Kalivati Tawake
- Born: Kalivati Tawake 16 November 1988 (age 37) Fiji
- Height: 182 cm (6 ft 0 in)
- Weight: 124 kg (19 st 7 lb; 273 lb)

Rugby union career
- Position: Prop
- Current team: CA Périgueux Dordogne

Senior career
- Years: Team / Apps / (Points)
- 2017: Fijian Drua / 6 / (0)
- 2018–: Biarritz Olympique / 29 / (5)
- –: CA Périgueux Dordogne

Super Rugby
- Years: Team / Apps / (Points)
- 2017–2018: Waratahs / 2 / (0)

International career
- Years: Team / Apps / (Points)
- 2016–: Fiji / 13 / (5)

= Kalivati Tawake =

Fijian rugby union player

Kalivati Tawake (born 16 November 1988) is a Fijian rugby union player who plays for CA Périgueux Dordogne. His position of choice is prop.

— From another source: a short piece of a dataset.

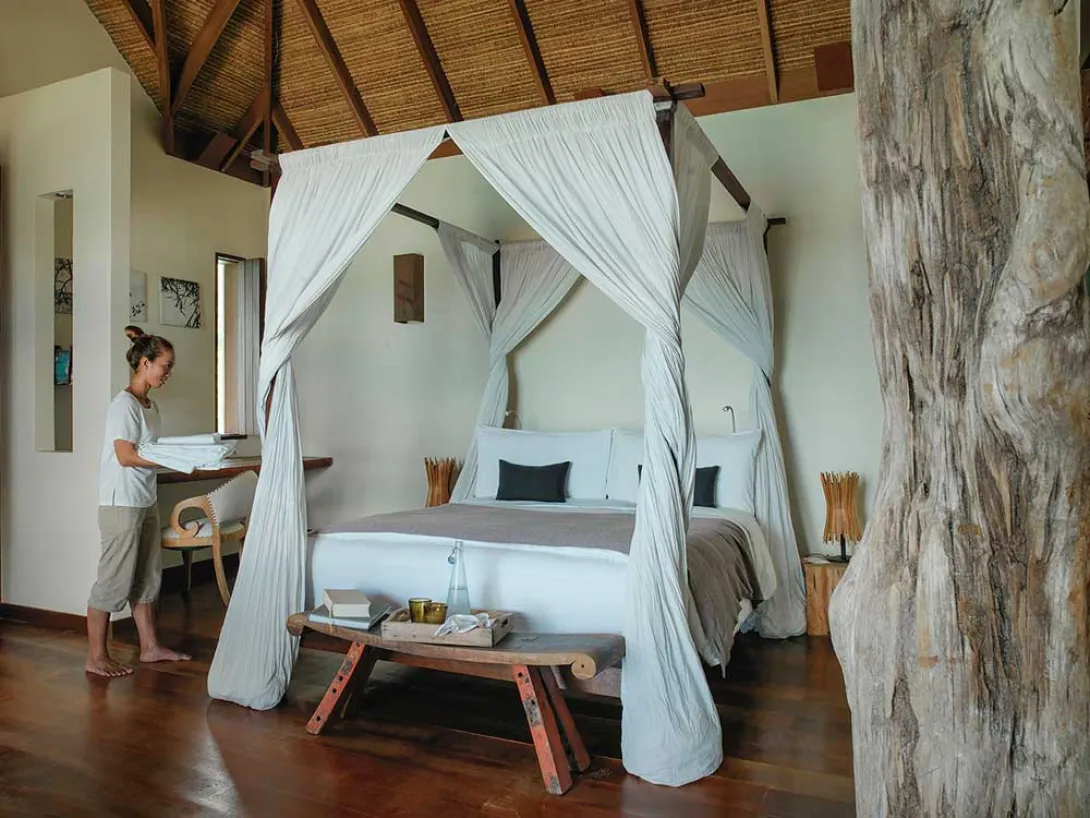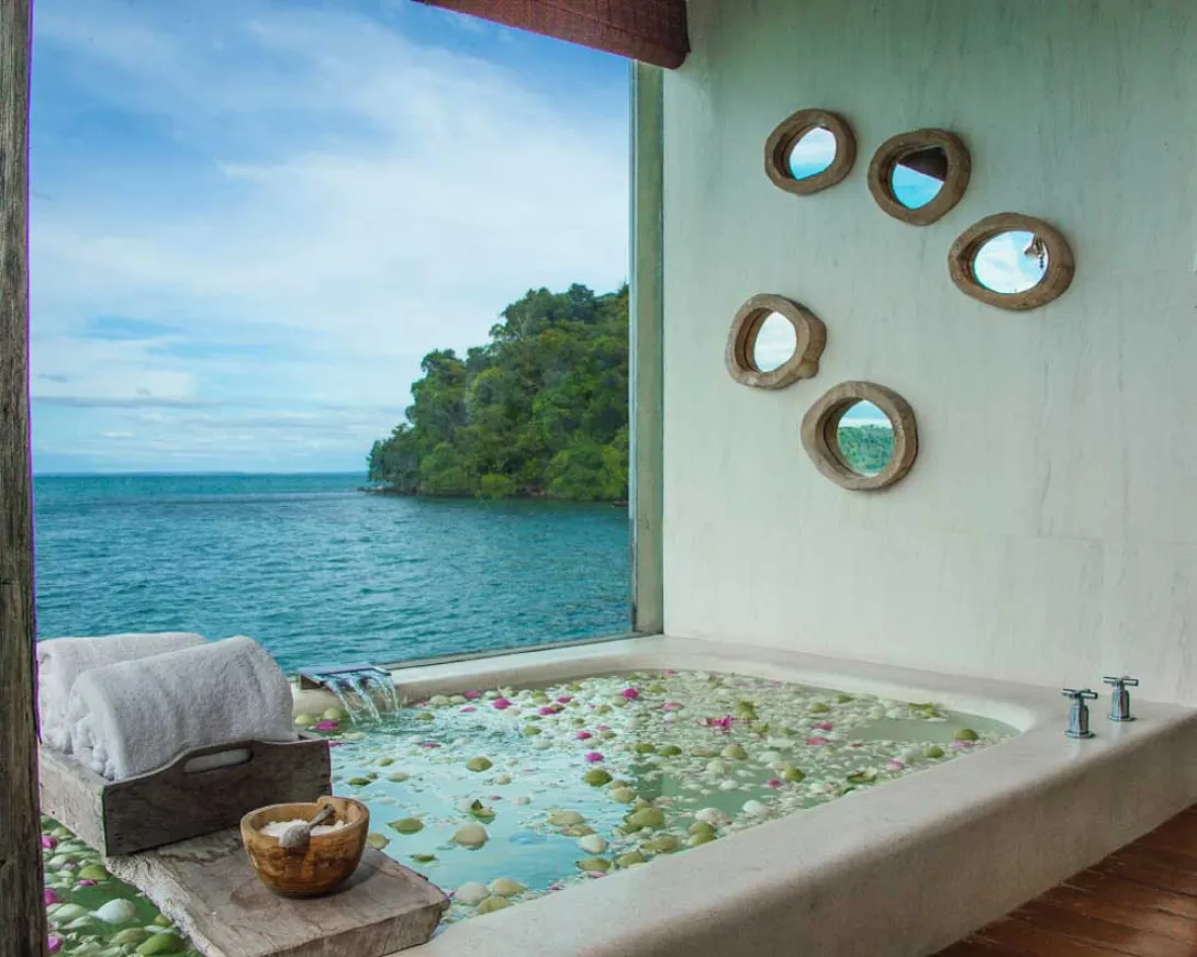 Algumas villas estão instaladas em palafitas sobre as águas ao estilo Fiji; outras estão na praia e o oceano é a varanda da frente; e outras ainda aninham-se na encosta florestada, mais isoladas.

Tawake has played for Fijian Drua, the New South Wales and Biarritz Olympique.

He currently (2021) plays for CA Périgueux Dordogne in France as a prop.

He has made 13 international appearances for Fiji, scoring 5 points. In 2019, Tawake suffered a knee injury playing for Fiji against Tonga ruling him out of the rugby world cup squad.

Tawake moved to CA Périgueux Dordogne in 2023, playing 16 games for the club in the 2023/24 season.